In meinem Leben traf ich verhältnismässig auf mehr Frauen, als Männer, die sagen, dass sie Tee trinken. Wenn ich jedoch überlege, welche Art Tee sie dann trinken, woher sie ihn beziehen  und wie sie den zubereiten, dann ist es fast immer der Supermarkttee und eine große Glas- oder Porzellankanne. Wirklich tiefer in die Materie steigen die, denen ich ausserhalb des Teeforums begegnet bin, eigentlich nicht ein und das höchste der Gefühle ist dann Tee aus einem Teefachgeschäft zu kaufen.

Die Art, wie hier bei den aktiven Forumsmitgliedern Tee genossen wird, ist doch eine viel tiefer gehende, Tee wird erlebt, zelebriert und gelebt.

Und hier gibt es die nächsten Unterschiede der Herangehensweise. Alles was hier mit dem Vergleich von Teesorten und -Arten, der Zubereitung, dem Messen von Gramm und Temperaturauswahl, das Definieren von welcher Kanne mit welcher Größe, Form und Materialart, dem Anbau, Herkunft und all diesen Feinheiten angeht, ist eine sehr Technische bis Wissenschaftliche. Ich gehöre zu der Art Frauen, die das im Ansatz interessant und auch sehr informativ findet, doch dann langweilt es mich einfach. Es ist nicht mein Zugang, ich bin einfach kein Wissenschaftler und es ist nicht das, was mich am Tee erfreut.

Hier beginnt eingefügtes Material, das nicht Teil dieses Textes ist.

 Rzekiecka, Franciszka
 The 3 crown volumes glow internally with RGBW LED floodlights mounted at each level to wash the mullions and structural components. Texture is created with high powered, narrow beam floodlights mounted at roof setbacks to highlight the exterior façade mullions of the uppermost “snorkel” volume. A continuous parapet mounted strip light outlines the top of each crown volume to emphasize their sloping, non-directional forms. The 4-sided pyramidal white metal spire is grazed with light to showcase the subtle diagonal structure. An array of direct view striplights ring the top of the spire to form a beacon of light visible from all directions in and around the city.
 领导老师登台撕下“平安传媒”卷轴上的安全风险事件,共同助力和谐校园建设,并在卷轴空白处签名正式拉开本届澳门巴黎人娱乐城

Es gibt immer mal wieder Frauen, die hierher in den Teetalk finden. Nicht immer ist das die Fraktion der Gesundheitsteetrinker oder Freunde aromatisierter Beutelteekreationen. Da gab es auch diejenigen, die spirituell an das Thema Tee herangegangen sind oder den Teeweg gehen und sich mit Teezeremonien im klassischen Sinn  befassen. Hier sind zwar auch Männer, die diesen Weg gehen, doch - so sehe ich das - sind das Teile des Lebens, die man erfahren muss und über die man weniger schreibt. Vor einigen Wochen ging es auch mal in dem Video einer jungen Frau um Spiritualität und Tee und das Video versuchte etwas zu vermitteln, was man eben schwer in Worte fassen kann und das wird dann dem Thema schwer gerecht.

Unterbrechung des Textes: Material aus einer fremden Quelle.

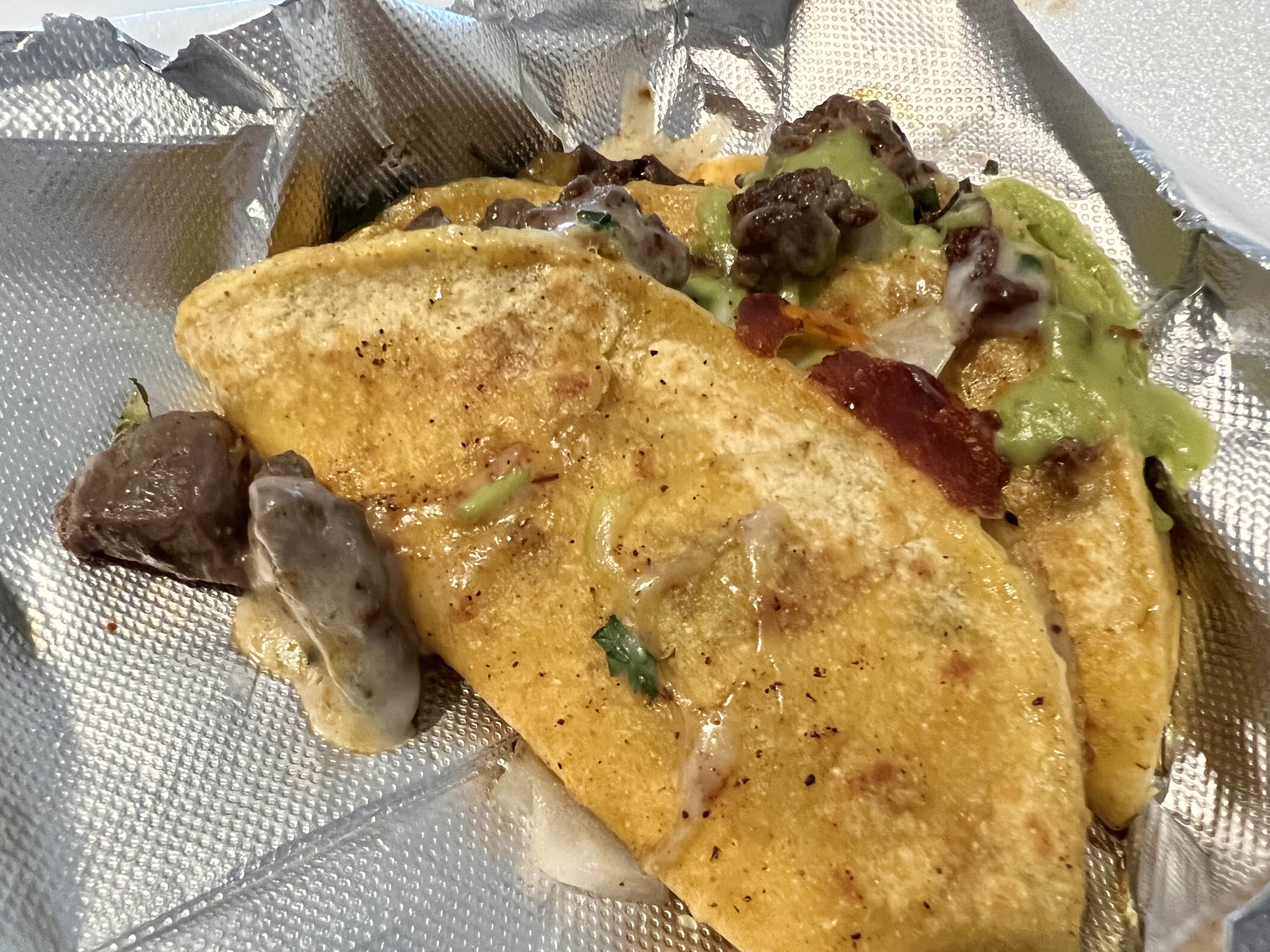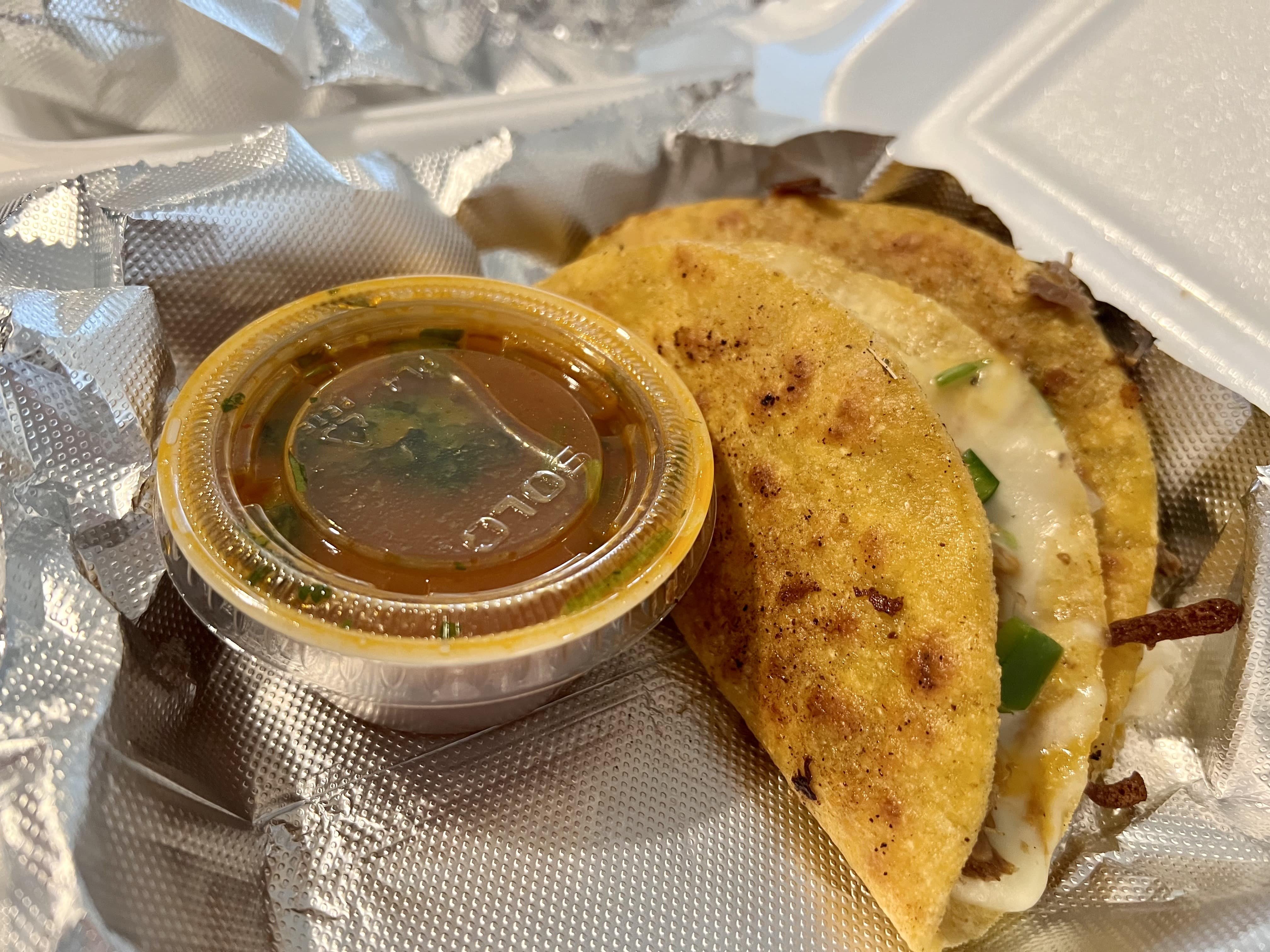 타코의 또띠아를 기름에 굽고, 그 위에 고기와 치즈, 야채 넣고 접은 것 같아요.

Es wurde angemerkt, dass der Ton hier mitunter ein rauher sei. Das wundert mich, gerade, als ich vor ein paar Jahren anfing, hier im Teetalk zu lesen, empfand ich gerade das Miteinander und die Art, wie man sich hier artikuliert, doch sehr viel zarter und angenehm altmodisch, gerade im Vergleich zu anderen Foren. Ich habe mich erst lange Zeit später selber angemeldet, mittlerweile hat sich die Hauptbesetzung der Aktiven und auch die Art der Kommunikation etwas  geändert, doch bis auf ein paar wenige Ausnahmen, geht es hier doch sehr umgänglich zu. Ausserdem kann ein Gewitter auch reinigend sein und ist mitunter auch mal notwendig. Wer sich mal längere Zeit in einem Katzenforum aufgehalten hat, wo der Frauenanteil bei ca. 99,5 % liegt, der lernt ganz andere Umgangsformen kennen. Doch das sind Erfahrungen aus einem früheren Leben.

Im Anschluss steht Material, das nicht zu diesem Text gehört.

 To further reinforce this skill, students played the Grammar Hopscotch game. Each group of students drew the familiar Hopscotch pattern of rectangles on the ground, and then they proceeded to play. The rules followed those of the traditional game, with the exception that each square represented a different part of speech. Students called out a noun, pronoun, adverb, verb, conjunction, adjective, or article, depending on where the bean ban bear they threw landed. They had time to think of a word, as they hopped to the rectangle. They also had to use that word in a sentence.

Es ist also aus meiner Sicht heraus nicht das Thema, das so wenig Frauen mitschreiben lässt, sondern die Art der Herangehensweise an den Tee. Selbst bei meinen eigenen Beschreibungen habe ich mich von dem leiten lassen, wie es hier im Forum gängig ist, was aber eigentlich nicht mir selbst entspricht. Das ist wohl auch der Grund, weshalb ich relativ wenige Tees selber vorstelle, denn während ich trinke möchte ich mich auf den Tee einlassen und das Fotografieren, Notizen machen und überlegen, lenkt mich zu sehr vom für mich Wesentlichen ab und artet geradezu in Anstrengung aus. Sehr angenehm empfand ich deshalb die schon einige Wochen zurückliegende Beschreibung von @Frau Mahlzahn.

Ich will keinesfalls aussagen, dass dieses oder jenes besser sei, ich finde auch nicht, dass irgendwas verändert werden soll. Es wäre fatal, würden das Forum nun mehr Frauen als aktive Mitglieder aufweisen, aber dafür auch eine steigende Anzahl von Offtopicthemen und viele Katzenfotos (jaja, ich habe selber welche gepostet, aber mit Tee!) und das Forum dadurch seinen Charakter verlieren. Jeder soll sein, wie er ist und seinen Teeweg gehen, wohin er ihn führt. Es ist nur ein Gedankengang, warum hier manches so ist, wie es ist. Man kann hierher finden, in diese spezielle kleine Welt und daran teilhaben und eben jeder so, wie es für ihn richtig ist. Es wird heutzutage so viel zu erzwingen versucht, hier und da geregelt und sinnlose Quoten eingeführt. Dabei kann es so einfach sein.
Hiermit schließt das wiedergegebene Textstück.